Good Things come in Three Packages!

Half Life 2: Episode Pack comes with three stand-alone Half Life games. Before I reviewed the entire pack, I reviewed only Half Life 2: Episode 1, and while it was fun, it was too short and instead of answering questions about past situations, it just raised more. I felt as though the developers were making it up as they went along. And maybe they were, but along comes Episode 2 and saves the day.

Half Life 2: Episode Pack screenshot

Like a spin doctor, it comes in with a professional authority and gets right down to the business of focusing the proper attention on the matter at hand – making sense of this mess. As for Half Life 2: Deathmatch? Need I say anything more than gravity gun?

Half Life 2: Episode One

As far as sequels go, Half-Life 2: Episode One is kind of half-baked. It’s a streamlined version of the original game in that it relies on covering old ground with more emphasis on shooting than puzzle solving. Since most players are familiar with City 17 and the Citadel, the puzzles wouldn’t have as much impact, unless of course every location had a multitude of secret rooms and new freaks to kill. But such is not the case. Episode One feels like a backtracking mode in which you replay the original game with a slightly different objective.
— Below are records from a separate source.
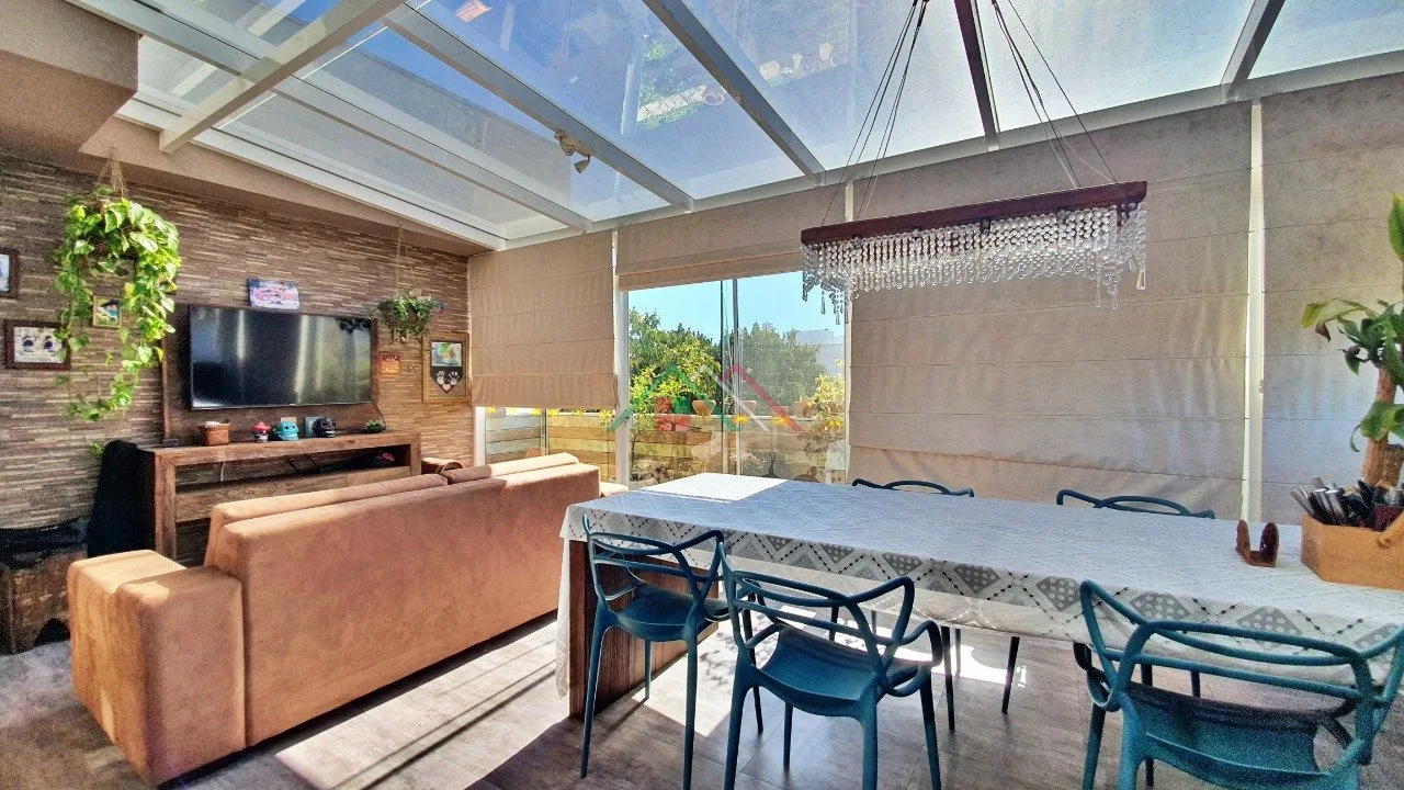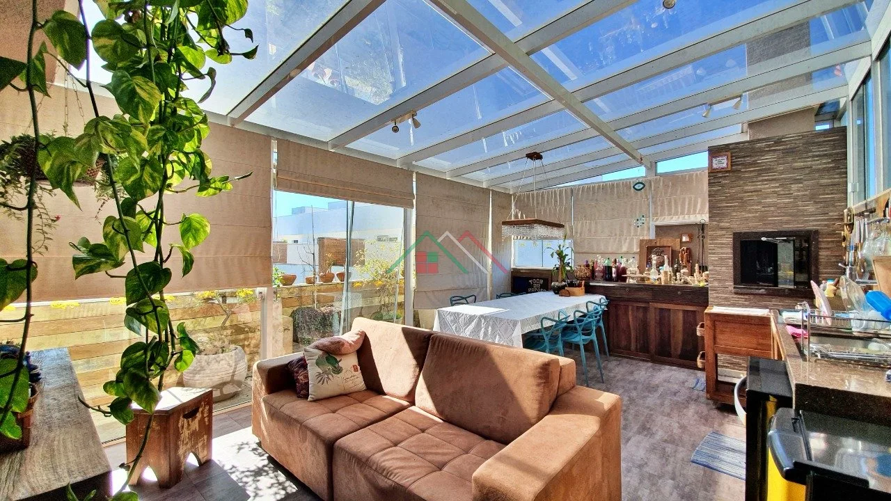 Living amplo com cozinha integrada, lavabo, lavanderia, espaço funcional com banheiro, pátio com área gourmet, churrasqueira com forno para pizza e piscina aquecida.
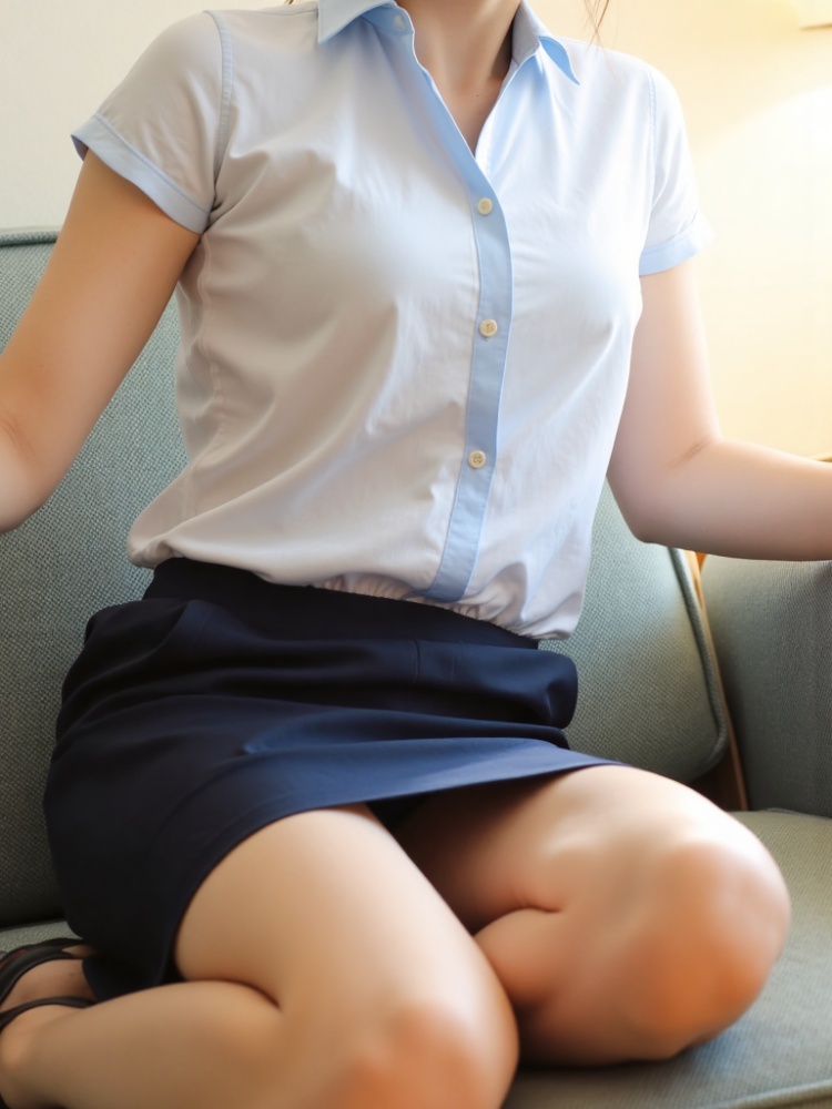 1girl,Black pencil skirt,Light blue collared shirt,black pantyhose,sitting,Sofa,White collared shirt,blue pencil skirt,White bra with black trim,Black lace bra, black lace panties ,skirt lift,Black women's safety pants,Off-the-shoulder,lying in bed
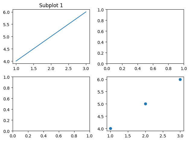 python# 创建2行2列的子图网格(共4个坐标轴) fig, axes = plt.subplots(nrows=2, ncols=2) # 在第一个子图(左上角)绘图 axes[0, 0].plot([1, 2, 3], [4, 5, 6]) axes[0, 0].set_title("Subplot 1") # 在第四个子图(右下角)绘图 axes[1, 1].scatter([1, 2, 3], [4, 5, 6]) plt.tight_layout() # 自动调整子图间距 plt.show()

After the apparent fall of the Citadel, we learn that “apparent” is something that you’ll have to get used to. There’s nothing like a good cliffhanger, but it seems as though the ending of the original Half Life was pretty much a grand finale. Who would have ever thought that Gordon and Alyx would get out of that devastation alive? Well, not only did they manage to survive, but the Citadel still remains largely intact. I would suspect, from this game, that the developers are making things up as they go along, and they are just buying time with Episode One. Nothing is sufficiently explained. Despite plenty of dialogue, little is revealed or resolved. We are submerged into murkier depths of confusion. More questions are raised, like a smokescreen to keep us from dwelling on the past. It feels forced. As though we will have to wait for the next few episodes to complete the story.

Half Life 2: Episode Pack screenshot

Okay, let’s face facts. You’re not going to learn much about what happened in the last game. Episode One is basically a coupling device used to link a few seemingly disparate elements. But it does lead to something greater and grander. Keep in mind that this game is really, really short. It will probably take me the same amount of time to construct this review as it did to play the game – but that’s because I type with one finger. You figure out which one.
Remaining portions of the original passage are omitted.